Bebedour is a community outside the beach town of Maceio. Bebedour is like many Brazilian communities. Homes are run down, unemployment is high, waterways are polluted, streets are littered, and the public education system is deplorable. This particular town has an estimated 115,000 human beings living in it and of those 11,000 are school age children NOT attending school. Bebedour may be a typical Brazilian city, but it has one school that is not typical, it is a progressive school that nourishes not only the student’s minds and bodies, but their hearts.


Bebedour, Brazil – Greater Maceio Area

One of the volunteers at the starfish school said something that really impacted me; he said, “For many of the girls in this neighborhood their dream job is to become a maid in a hotel.” These girls have had few positive female role models in their lives to show them that there is more out there than marriage and bearing children. The starfish school is trying to change this by bringing in female professionals monthly. This is an important program because now these girls have dreams of being educators, doctors, and business professionals. Even at the ripe age of nine, these young girls are seeing a bright future and one of independence.


Starfish School – Greater Maceio Area

Entirely too many of the woman of Brazil depend on men to support them. Too often women are left alone because her husband abandons her or he dies. These women are often unprepared to feed their children and care for their home. Thankfully initiatives like the Mao Amiga Women’s Center are available. On the outskirts of the sprawling city of Sao Paulo, this particular program teaches women skills that can provide income for themselves and their family.  Classes include computer skills, baking, cooking, hair styling, and many more. These classes last for one year and the women that complete the program leave with more than knowledge; they leave with a self confidence they didn’t have a year before. They can now go out into their communities and earn a living wage.

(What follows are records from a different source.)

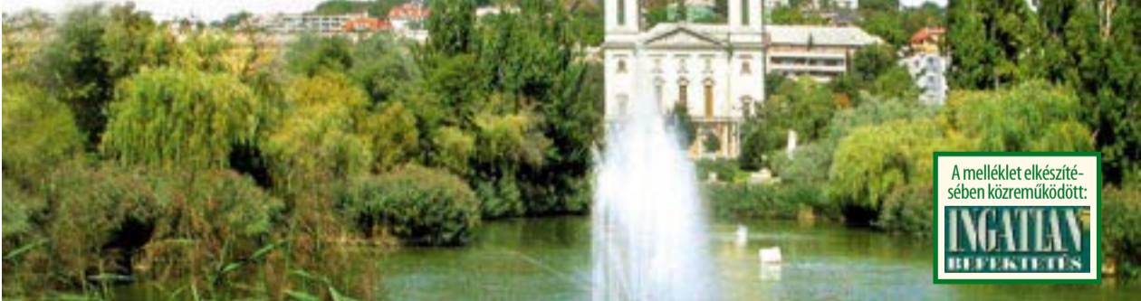
A melléklet elkészítésében közreműködött: INGYEN RÖVIRATOK

A közlekedés modernizálása, azaz az új lehetőségek nyomán születő közlekedési igények kielégítése is folyamatos. Másfél éve meghosszabbított útvonalon jár például a 18-as villamos, amelynek végállomását a Savoya Parkhoz telepítették. A következő két-három év tervei között szerepel, hogy a fővárossal együttműködésben az 1-es villamos pályáját a Lágymányosi hídon átvezessék, majd folytatásaként végigmenjen a Szerémi úton, szintén a Savoyáig. Jelenleg az előkészítést dolgozik a kerület. További feladat az Andor utca kiépítése, amely az Eger út–Szerémi út összeköttetését jelenti. Az úthálózat és közlekedés további fejlesztését generálja a 4-es metró építése, amely nehézségeivel együtt kerületterületi jelentőségű lesz.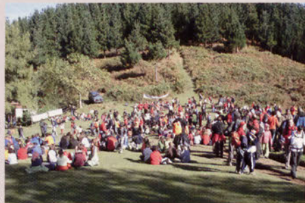
■ Día del Finalista Infantil en Arrate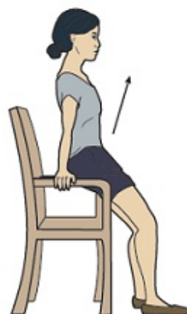
Рисунок 10. Приподымание со стула с опиранием на подлокотники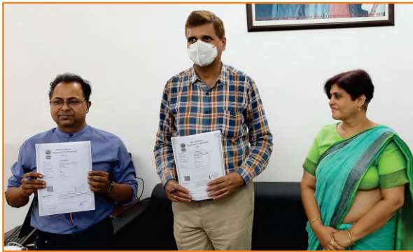
सेवा-टीएचडीसी एवं एम्स ऋषिकेश के मध्य स्वास्थ्य शिविर आयोजित करने हेतु समझौता ज्ञापन का दृश्य

सेवा-टीएचडीसी एवं अखिल भारतीय आयुर्विज्ञान संस्थान (एम्स), ऋषिकेश के मध्य 15.07.2021 को ऋषिकेश, टिहरी एवं हरिद्वार जनपद में मधुमेह एवं मधुमेह संबंधित हृदय विकारों के उपचार हेतु स्वास्थ्य शिविर आयोजित करने के लिए समझौता ज्ञापन पर हस्ताक्षर किए गए। उल्लेखनीय है कि टीएचडीसी अपने कॉरपोरेट सामाजिक उत्तरदायित्व के अन्तर्गत परियोजना प्रभावित क्षेत्रों में बेहतर स्वास्थ्य सेवाएं उपलब्ध कराने एवं सरकारी स्वास्थ्य व्यवस्था को अधिक सुगम्य बनाने हेतु प्रयासरत है। इसी क्रम में एक और नई सीएसआर परियोजना का शुभारंभ एम्स ऋषिकेश के साथ किया जा रहा है। इस परियोजना का मुख्य उद्देश्य, जनपद टिहरी एवं हरिद्वार में स्वास्थ्य शिविरों के माध्यम से मधुमेह पीड़ितों का निशुल्क उपचार, परामर्श व निशुल्क दवाईयाँ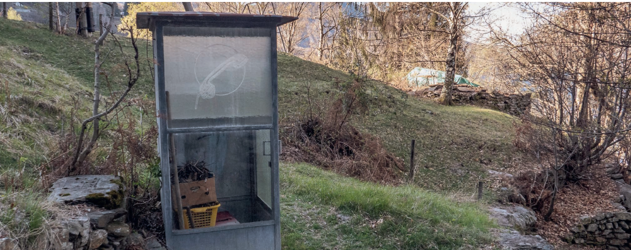
Ausgediente Telefonkabine in einer Siedlung oberhalb von Bellinzona.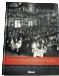
«La Belle histoire» édité chez Glénat

58.7% des personnes interrogées ont gagné. La ganterie grenobloise était l'activité la plus importante et la plus traditionnelle de l'agglomération grenobloise du 18 ème au 20 ème . Albert Pierre Raymond créa en 1865 une manufacture qui invente des fixations pour la ganterie, la maroquinerie et les chaussures. C'est ainsi qu'il a créé le premier bouton pression et déposé quelques 600 brevets. Sa devise « j'ai compris en mon temps que l'entreprise ne vaut que par les gens qui en font partie ».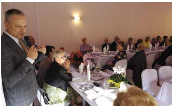
Nowogardzki Uniwersytet Trzeciego Wieku rozpoczął kolejny rok akademicki str.5

Mao Amiga Women’s Center – Greater Sao Paulo Area

Thankfully, educational initiatives are changing in Brazil. The government recently made some changes that will help the failing public school system. Within the last year they have increased teacher’s salaries, and standardized the public school curriculum. The change may be slow coming, but thanks to organizations like Worldfund, there are already exceptional programs in place like the Starfish School and the Mao Amiga Women’s Center. These programs not only educate people’s minds, but provide them with a respect for their bodies and self. Self respect and confidence are the fundamental tools to success. Success breeds success and with more positive women role models, the future of Brazilian women and education is hopeful.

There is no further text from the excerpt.